Earlier this year, Australia’s media, the Productivity Commission, and business lobby groups ran the argument that Australia’s low labour productivity would prevent the Reserve Bank of Australia (RBA) from cutting interest rates.
“A surge in employment combined with scant investment by firms to improve output triggered a sharp drop in worker productivity, limiting prospects for income growth without fanning inflation, the Productivity Commission said in its annual report”, the above article read.
“Employers, though, were also not doing their bit. The capital-to-labour ratio, one measure of spending on equipment to improve output, fell by a record 4.9% for the year”.
“So while a record number of Australians had jobs, employers didn’t invest in the equipment, tools and resources that are needed to make the most of employees’ skills and talents”, Productivity Commission deputy chair Alex Robson Robson said.
“Further capital investment would help turn our strong employment growth into strong productivity growth”.
The Productivity Commission was right to blame Australia’s poor productivity on capital shallowing, which happens when a nation’s population grows faster than business, infrastructure, and housing investment, resulting in less capital per person.
Two decades of excessive population growth via strong immigration have indeed delivered capital shallowing in Australia and lowered productivity growth:
Where the Productivity Commission is misguided is the notion that lower labour productivity growth means higher interest rates.
This view was comprehensively debunked by the Bank of Canada’s (BoC) decision on Wednesday to commence a monetary easing cycle.
Like Australia, Canada’s labour productivity has collapsed amid record immigration-driven population growth, which has shallowed the nation’s capital base:
The comparison with productivity in the United States is stark.
Canada’s output per worker has been falling, whereas it has boomed in the United States:
In turn, Canada’s real per capita GDP has collapsed, whereas it has risen significantly in the United States:
If poor productivity growth was a legitimate concern with respect to rate cuts, then the BoC would not have cut rates.
When an economy is driven by labour supply growth via mass immigration, as is the case in Canada and Australia, productivity and wage growth tend to fall together.

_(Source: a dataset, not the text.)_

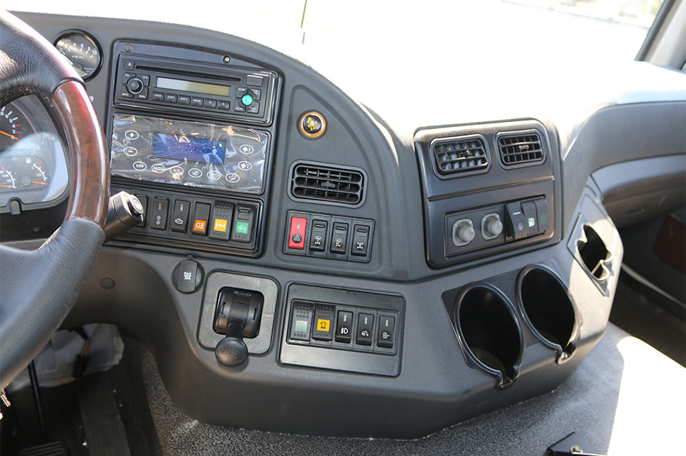 Что же касается нового тягача, то на нем применяется кабина китайского производства Qixing – с двумя эргономичными креслами, за которыми находится место для отдыха. Интегральный рулевой механизм типа «винт – шариковая гайка» с встроенными распределителем и усилителем, способствует меньшей усталости водителя. Панель приборов и руль имеют много функциональных клавиш.

The falling capital stock per person ensures that economic activity becomes less efficient over time, requiring more labour for the same amount of output.
The next phase of the cycle will involve a simultaneous decline in productivity and wages. Inflation will disappear as idle labour piles up, lifting unemployment.
The BoC’s rate cuts are the first salvo in this process. The RBA will follow in due course. But first, the RBA needs to see a significant rise in unemployment and/or falling inflation.